None of these existed at the start of the story. These things, including life emerged.
Emergence occurs when a system exhibits properties that did not exist in its constituent parts.
Once life began, emergence took on a different guise.
The process of Evolution is both heuristic and emergent.
Heuristic emergence is arguably the most powerful natural phenomenon you’ve never heard of.
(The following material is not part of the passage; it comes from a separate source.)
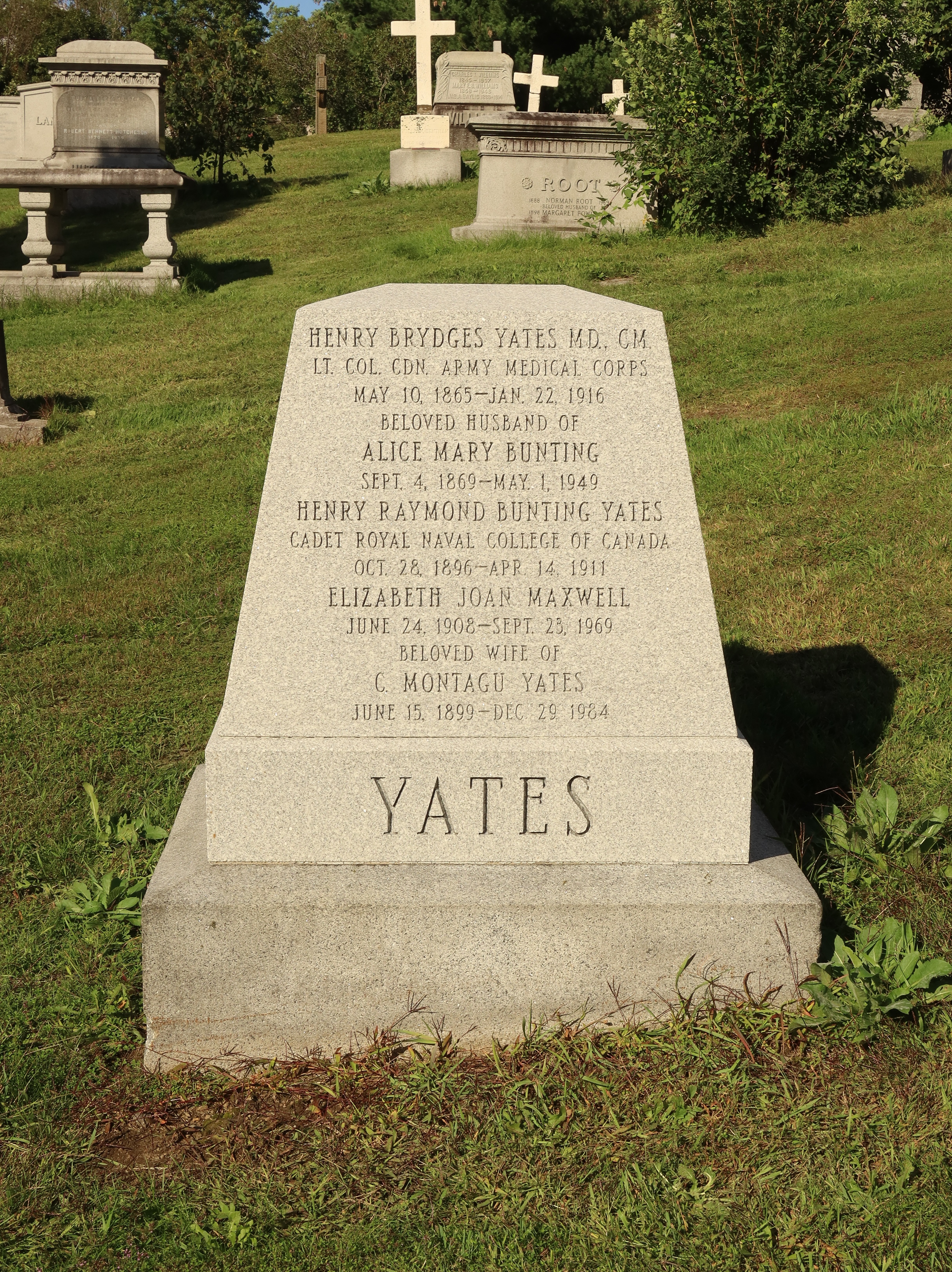 Yates family grave at the Mount Royal Cemetery, Pine Hill section

Genes mutate, combine, recombine and do all sorts of strange things designed to alter themselves during reproduction in order to produce offspring with diverse genetic traits.
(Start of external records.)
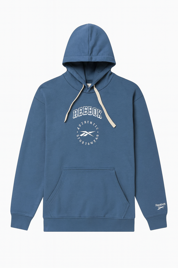 A stylish blue pullover hoodie with Reebok Authentic Sportswear print. Made from premium 330 GSM fabric, featuring an adjustable drawstring hood, kangaroo pocket, and ribbed cuffs for comfort and durability.
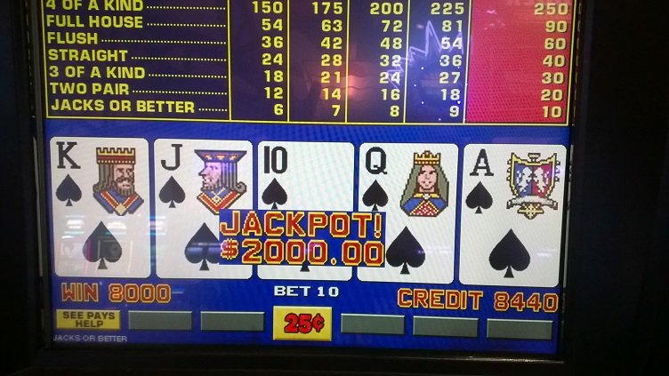 Congrats. A very nice rare hit. I have had several redraws over the years, but am way down percentage wise on normal deal and draw Royals. I have had several dealt Royals, but am now behind percentage wise by a mile on those too. My last one was a home run that I posted about here a few years ago. 18k on a quarter DDS Deuces wild game. At the time I was using a clone of Martingale and I think I was betting 18 quarters. Again congrats on that hit. Many times at least for me, we are almost daydreaming when these hit as we have just tossed 5 junk cards and are hoping for just a push on the redraw. The only reason I have hit the above is hands is I play between 1 and 2 million hands a year. They have not made me a lifetime winner. Not even close.
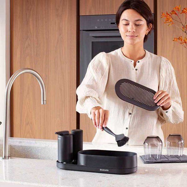 סט SinkStyle ברבנטיה, אפור כהה מינרלי כולל 3 חלקים:אורגנייזר פלסטיק אפור כהה מינרלי – קופסה מאווררת לאחסון הספוגים ומברשת הכלים, מוט תליה ממתכת למגבת הכלים הרטובה ומגש קומפקטי רב שימושי, לשני הדיספנסרים ו/או לשמירת התכשיטים כששוטפים כלים.בסיס יציב ומונע החלקה וסריטותמידות: רוחב 35 ס״מ | גובה 16 ס״מ | עומק 13 ס״מדיספנסר לסבון אפור כהה מינרלי – עיצוב יפיפה המשלב מתכת ומיכל זכוכיתמעוצב, איכותי ולא מחלידפתח גדול למילוי קל ונוחמידות: קיבולת 200 מ״ל | רוחב 6.5 ס״מ | גובה 15 ס״מ | עומק 8.5 ס״מסקוויזר לסבון כלים אפור כהה – סיליקון גמיש בטקסטורה מונעת החלקה, גם כשרטובחלון שקוף – תמיד יודעים מתי למלא פתח גדול למילוי קל ונוח מידות: קיבולת 200 מ״ל | רוחב 5 ס״מ | גובה 15 ס״מ | עומק 5 ס״מחלק מקולקציית אביזרים לכיור המטבח SinkStyle ברבנטיה 5 שנות אחריות ברבנטיה+ ישירות מהיבואן+ התאמת מחיר נמוך + 5% הנחת BRASS Price Match – לפרטים נוספים+ עד 6 תשלומים בלי ריבית (בקנייה באשראי מעל 600 ש״ח)
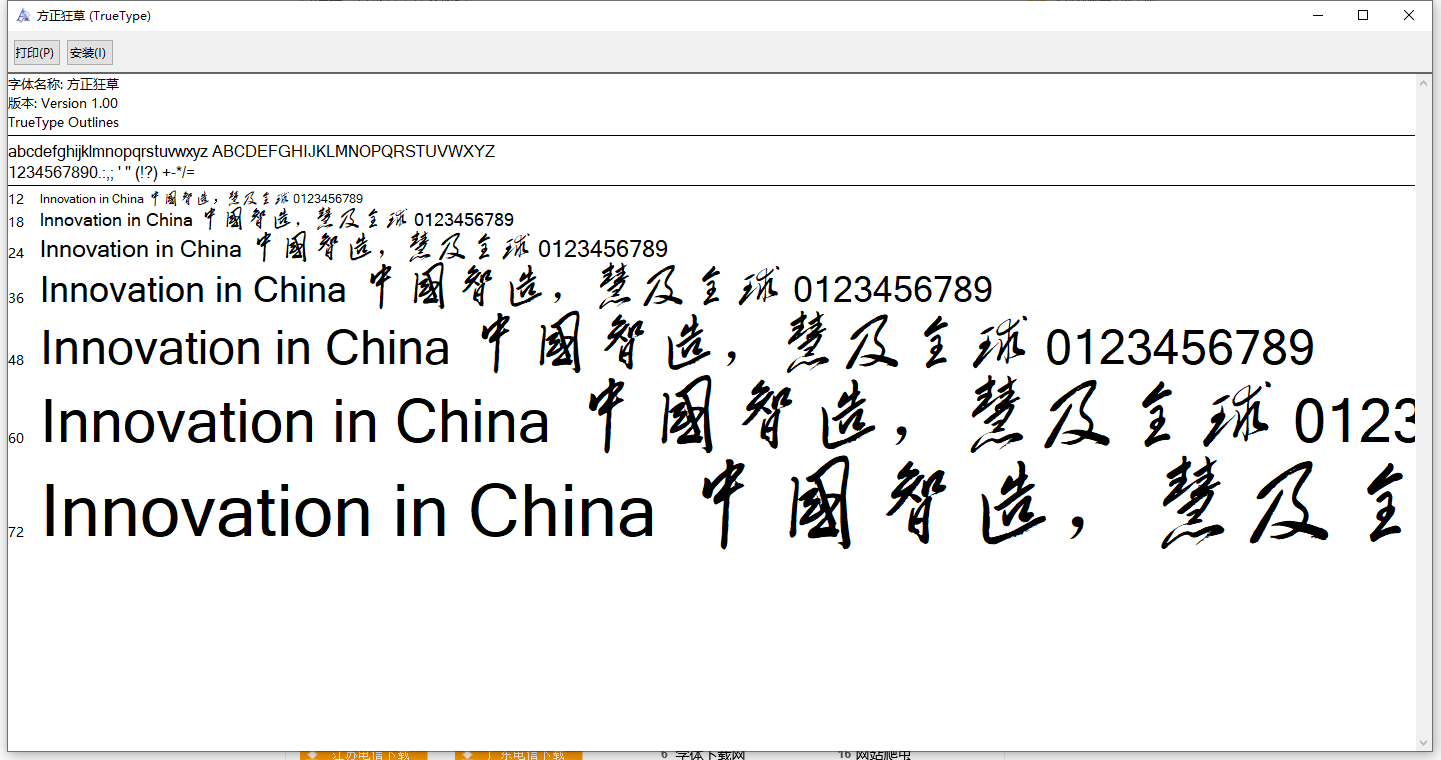 方正狂草字体是一款非常狂野的艺术字体,非常飘逸大方,广泛应用于书法,名片,广告,艺术等行业,很受大家喜爱的一种电脑字体,它由传统的草书演变而来,风格更加独特,豪放的字形看起来十分飘逸,一眼看去整个给人一种气势磅礴的感觉,十分大气,在设计中常常用到。需要的朋友们可以收藏一下本站!
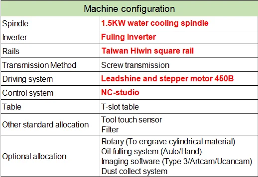 -max работы Speed из1.5 кВт шпиндель водяного охлаждения(Changsheng/hsd) может up к24000 об./мин., который ensure в working Speed всей машины.
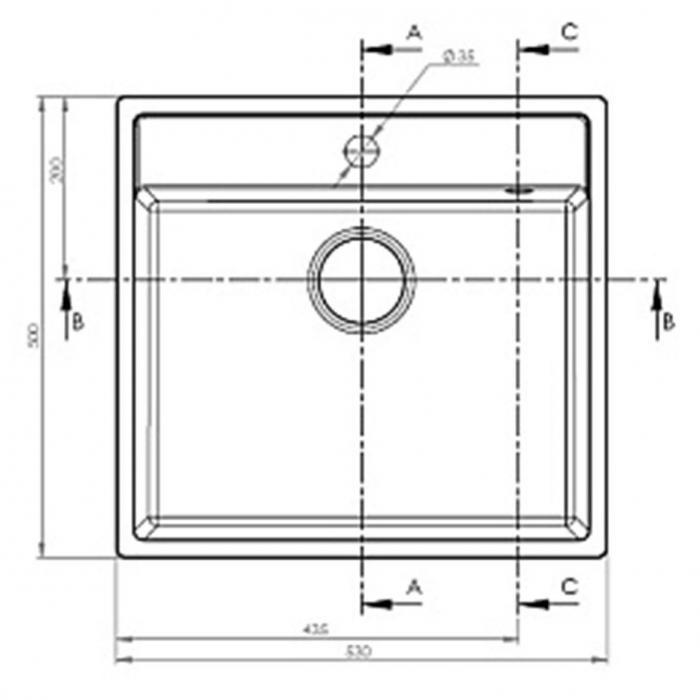 Zlew jest wpuszczany, odwracalny i wyposażony w jedną prostokątną komorę o wymiarach 530x500x190 mm. Posiada syfon z korkiem automatycznym, co zwiększa komfort codziennego użytkowania. Zlew nie posiada ociekacza, a minimalna szerokość szafki do montażu wynosi 60 cm, co pozwala na łatwe dopasowanie zlewu do różnych mebli kuchennych.

There is no guarantee that these mutations or changes will be beneficial. There is no guiding hand.
Why?
None is needed. 
On aggregate, if a mutation is not beneficial the organism will not survive to reproduce. That mutation will be lost to the gene pool.
Evolution regulates itself via a single ‘fitness’ test — reproductive survival.
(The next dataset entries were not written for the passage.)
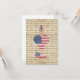 アメリカの女の子とアメリカが大好き。ハートとアメリカ国旗の地図がヴィンテージのダメージ紙の背景にプリントされている。名前やテキストを追加することで、この愛国的なアメリカのデザインを簡単にカスタマイズできる。
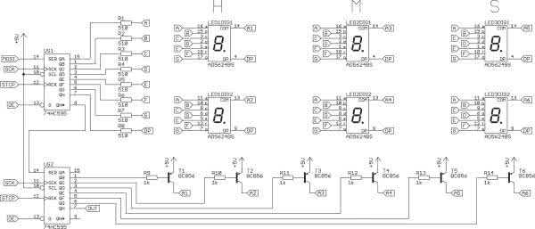 Układy 74HC595 zostały połączone kaskadowo, toteż zachowują się jak jeden rejestr, o pojemności 16 bitów. Zapewniają w ten sposób dostateczną liczbę wyprowadzeń wyjściowych. Wadą tego rozwiązania jest konieczność wysyłania szeregowo 16 bitów przy każdym odświeżeniu zawartości wyświetlacza, lecz dostatecznie szybki zegar taktujący rdzeń mikrokontrolera pozwala ominąć ten problem.
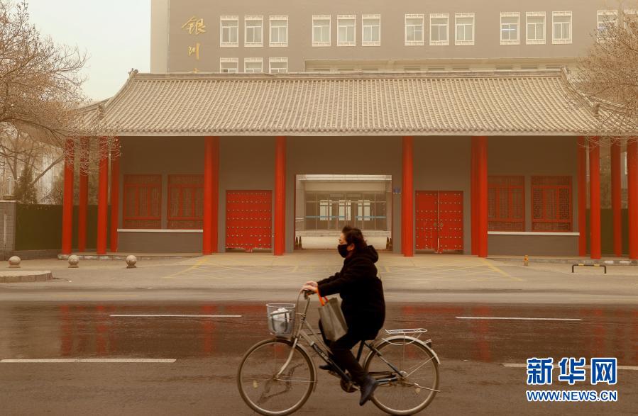 3月15日,在寧夏銀川市興慶區(qū)文化街,市民在沙塵中騎行。當(dāng)日,我國北方多地出現(xiàn)沙塵天氣。新華社記者 楊植森 攝
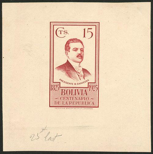Sc.154, 1925 15c. President B. Saavedra, die proof, excellent! (Image)
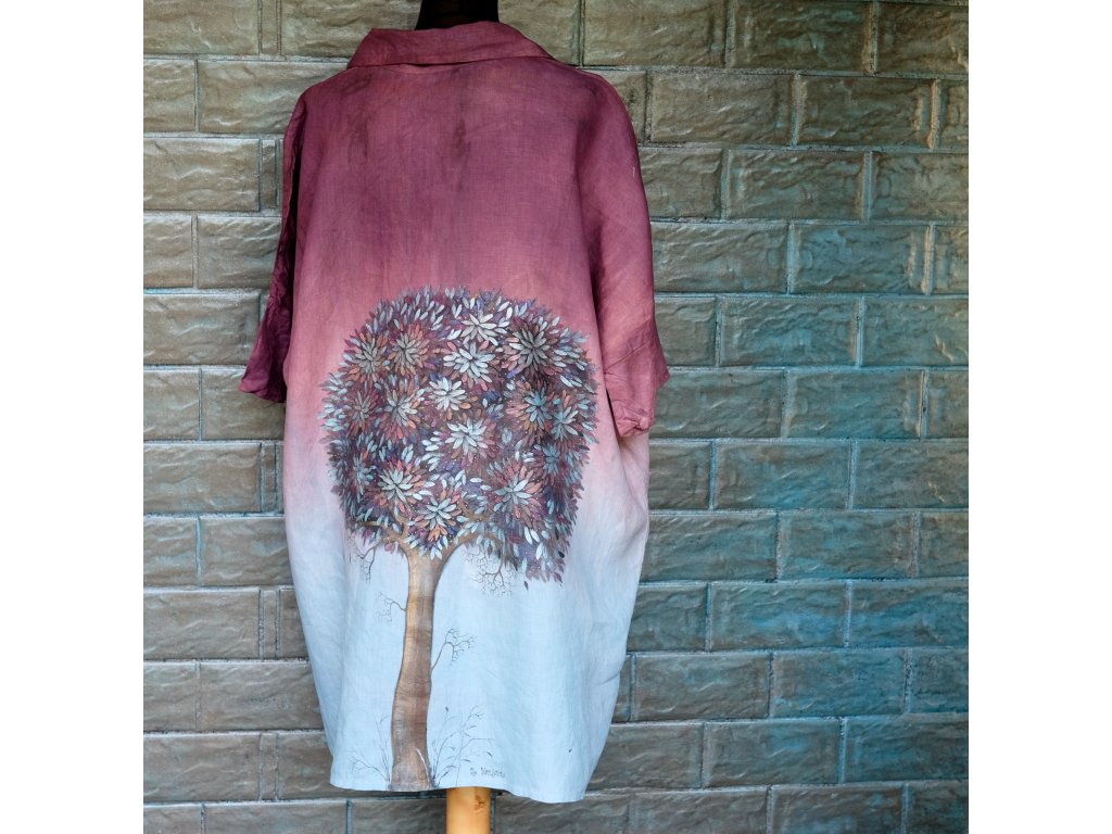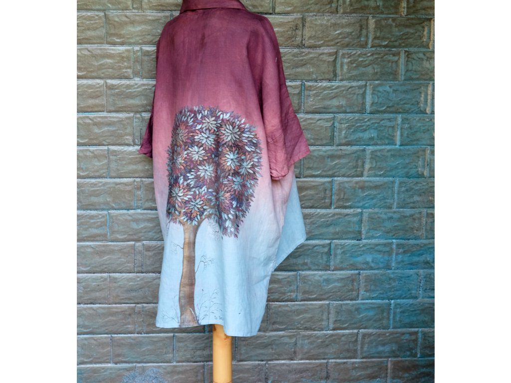 Novinka krásná velikostně dost univerzální, originální, lněná, ručně barvená a mnou pracně malovaná košile.
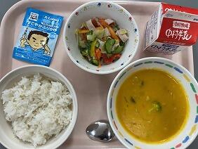 今日は大雨で、気分が少し下がり気味でしたが、美味しい給食のおかげで、気持ちが晴れやかになりました。
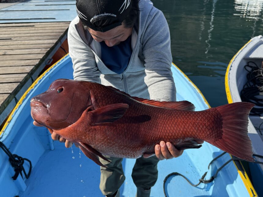船外機ボートで北川さんがカンダイをゲット。
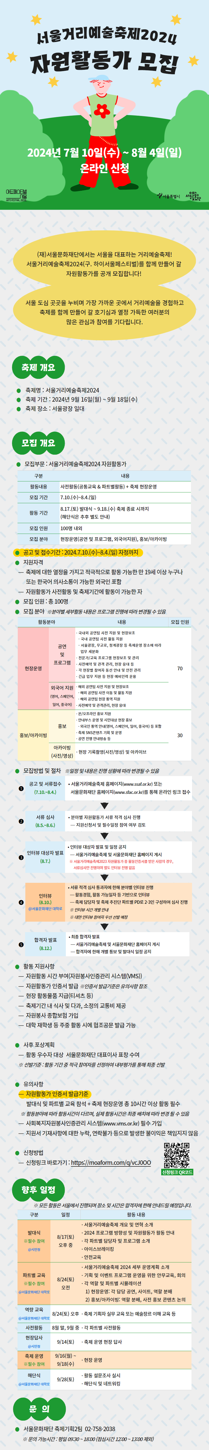 ○ 모집부문 : 서울거리예술축제2024 자원활동가

In this way evolution took life here on Earth from simple, single celled organisms to complex, sentient multi-cellular beasties.
Heuristic emergence still wasn’t done. It imbued us with new heuristics.
A natural heuristic (evolution) emerged a new, organic heuristic (i.e. common sense).
Our intelligence is emerged from heuristics. If Nature emerged intelligence using heuristics, can we?
I built virtual grass to see if an environment would emerge new individuals able to adapt and survive conditions not survivable by their progenitors.
The screenshot below shows a map (bottom left) with the faint outline of a river that drains into an inland swamp, fed by high rainfall in the North West. 
Initial conditions showing 2 seed grasses of gene size expression 20.
There are two seed grasses each with gene size expression of 20
Larger gene expression means larger grass. Smaller gene expression, smaller grass. Small grass needs less water to survive. Large grass needs more water.
Most of the map has too little water to sustain grass of size 20. 
Random mutations of up to 1% in size may occur during reproduction. Reproduction can only occur if the individual has survived to reproductive age — approx 15% of its total lifespan.
After simulating 240 years the map looks like this (more often than not — it changes every time since the entire process is heuristic).
Evolution leads to adapted individuals able to survive in their respective environments.
Larger grass (displayed as dark green) dominates the areas of high rainfall or abundant water, following the line of the river to the inland wetlands. Smaller grass (displayed as light green) evolves and adapts to colonize other areas that have significantly less water.
The largest grass has a gene size expression of 116 while the smallest grass gene is 6.
There is no code that instructs grass to adapt one way or another. No guiding hand. It simply adapts to environmental pressures in exactly the same way natural evolution occurs.
Admittedly my virtual grass’ DNA was radically simplified, possessing a single gene for size. 
However, it is a basic proof of concept that artificial heuristic processes can produce evolution. 
This leaves us here:
  • Premise 1: Evolution can emerge intelligence. 
  • Premise 2: Artificial evolution is possible.
  • Conclusion: Artificial evolution can emerge artificial intelligence.
Oddly enough this would add a 4th step in the heuristic stepladder. 1. Physical heuristics emerged a planet on which emerged life. 2. Evolution emerged organisms with organic heuristics. 3. Those organic heuristics gave rise to artificial heuristics, which in turn could 4. emerge artificial virtual heuristics as part of the mental machinery of an heuristic AI.
An evolved heuristic AI would be different from anything we know. It would not necessarily be what we predict… or even desire.
It would be intelligent. But on its own terms.
It would be a true AI. Complete with heuristics that give it creativity and common sense (and any other mental machinery we have, or can evolve) not found in today’s machine learning neural networks.
Here’s the question to ask yourself.
With the right starting conditions, how long would it take for an artificial intelligence to evolve?
The simulated 240 years in my Grasslands example took less than a few seconds. 
Once an intelligence emerges how long would it take to supersede us?